The present study is among the first studies with the approach of exploring the risk factors of mortality in COVID-19 patients. We included different diagnostic approaches for COVID-19 diagnosis, firstly based on the clinical symptoms and chest CT scan as well as laboratory confirmation tests. Furthermore, we performed subgroup analyses for gender and age groups. Besides, our study has some limitations. Firstly, due to the retrospective design of the study, some laboratory tests were not collected for all patients, and these missing data might lead to bias of clinical characteristics. Considering that cases with more severe disease hospitalized, the percentage of mortality in our study cannot reflect the true fatality ratio of COVID-19 and might limit the interpretation of our findings.
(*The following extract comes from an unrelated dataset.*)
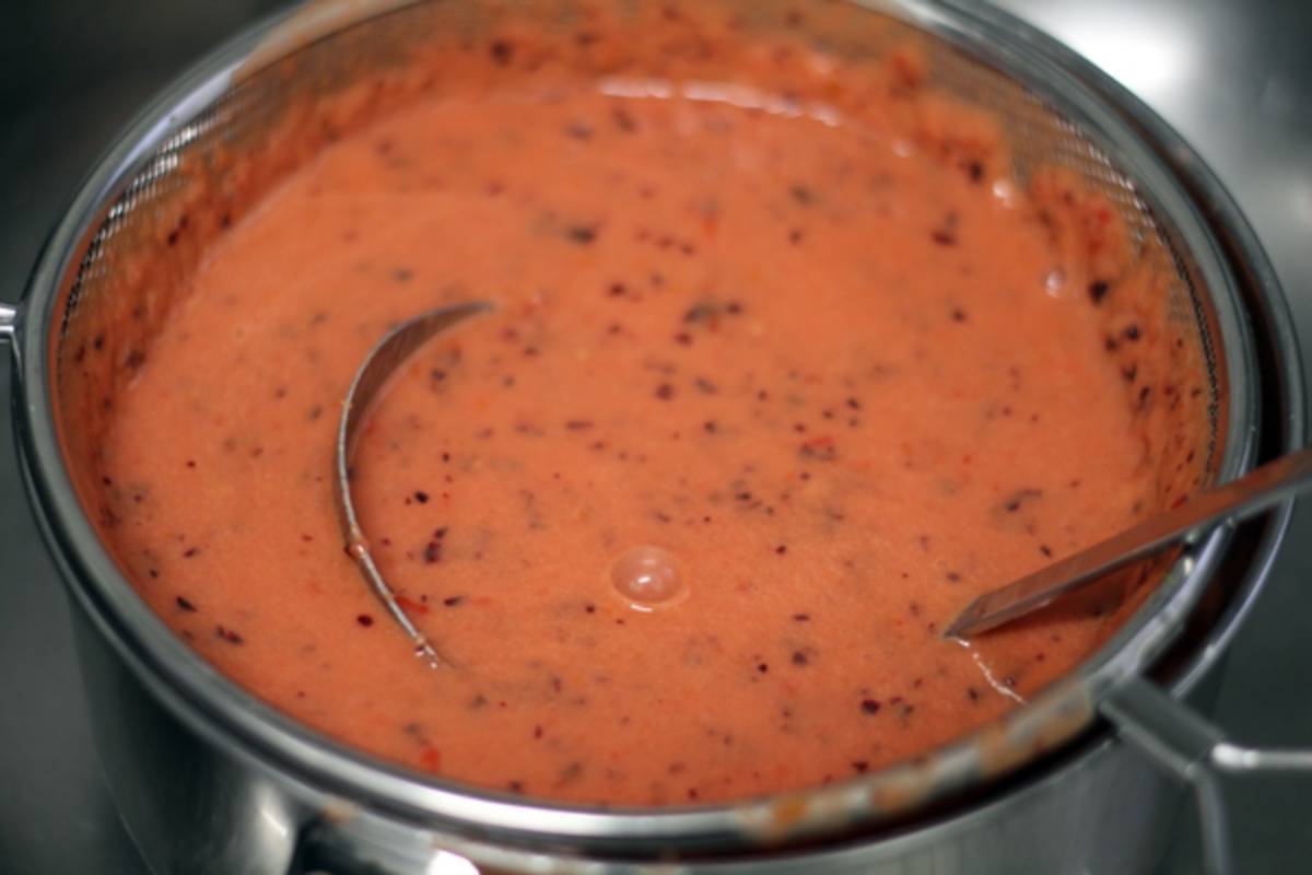- Colar y rectificar: Pasa el gazpacho por un colador fino y ajusta la consistencia y el sabor con más agua, vinagre, aceite y sal si es necesario.

Moreover, the existence of DM and CVD was self-reported data, which should be cautiously interpreted because of probable reporting bias. It should be noted that we had no access to details about diabetic patients such as duration of diabetes and kind of treatments so these issues were not considered in our analysis, although we follow the same protocol for controlling DM all over the province. We also missed the effects of some comorbidities like obesity on the mortality rate of COVID-19. Moreover, HbA1c was not measured in all diabetic patients in our study, and therefore the glycemic control level was unclear in our patients.

Conclusions

Our findings support the hypothesis that diabetic patients have an increased risk of in-hospital mortality following COVID-19. Our findings also suggest lymphocyte count, creatinine and CRP concentrations might be significant predictors for the death of COVID-19 in these patients.